== Segment start ==

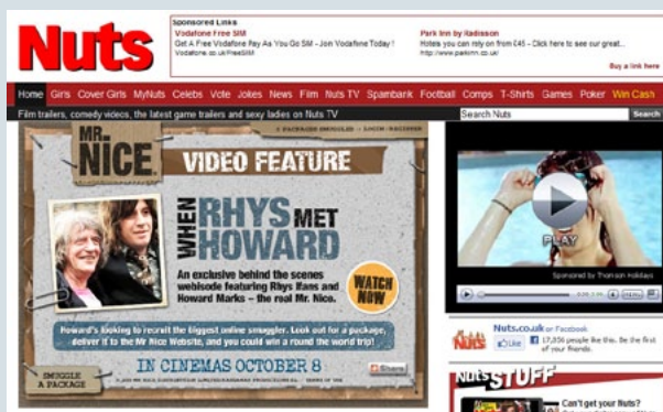
Featurette on www.nuts.co.uk
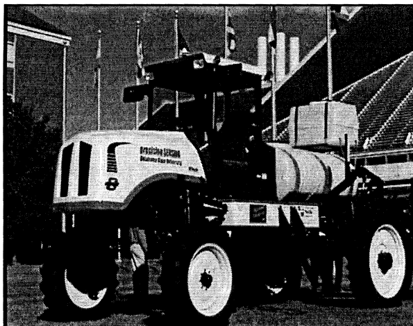
Figure 6. The Cherokee VRT applicator, this sprayer has a 60 ft boom with sensors mounted every 2 ft along the boom.

From 2003 to date, sensor technology and our understanding of its abilities has expanded. This has led to several revisions of the sensor technology since the introduction of the first GreenSeeker™ in 2002. At publishing time of this Fact Sheet, the NUE website hosts 24 SBNRC algorithms for multiple crops, states, and nations. Each algorithm was

== Segment end ==

**Try it:** When you retype the data above, match every line exactly and leave the pictures behind.

**Your solution:**
Featurette on www.nuts.co.uk
Figure 6. The Cherokee VRT applicator, this sprayer has a 60 ft boom with sensors mounted every 2 ft along the boom.

From 2003 to date, sensor technology and our understanding of its abilities has expanded. This has led to several revisions of the sensor technology since the introduction of the first GreenSeeker™ in 2002. At publishing time of this Fact Sheet, the NUE website hosts 24 SBNRC algorithms for multiple crops, states, and nations. Each algorithm was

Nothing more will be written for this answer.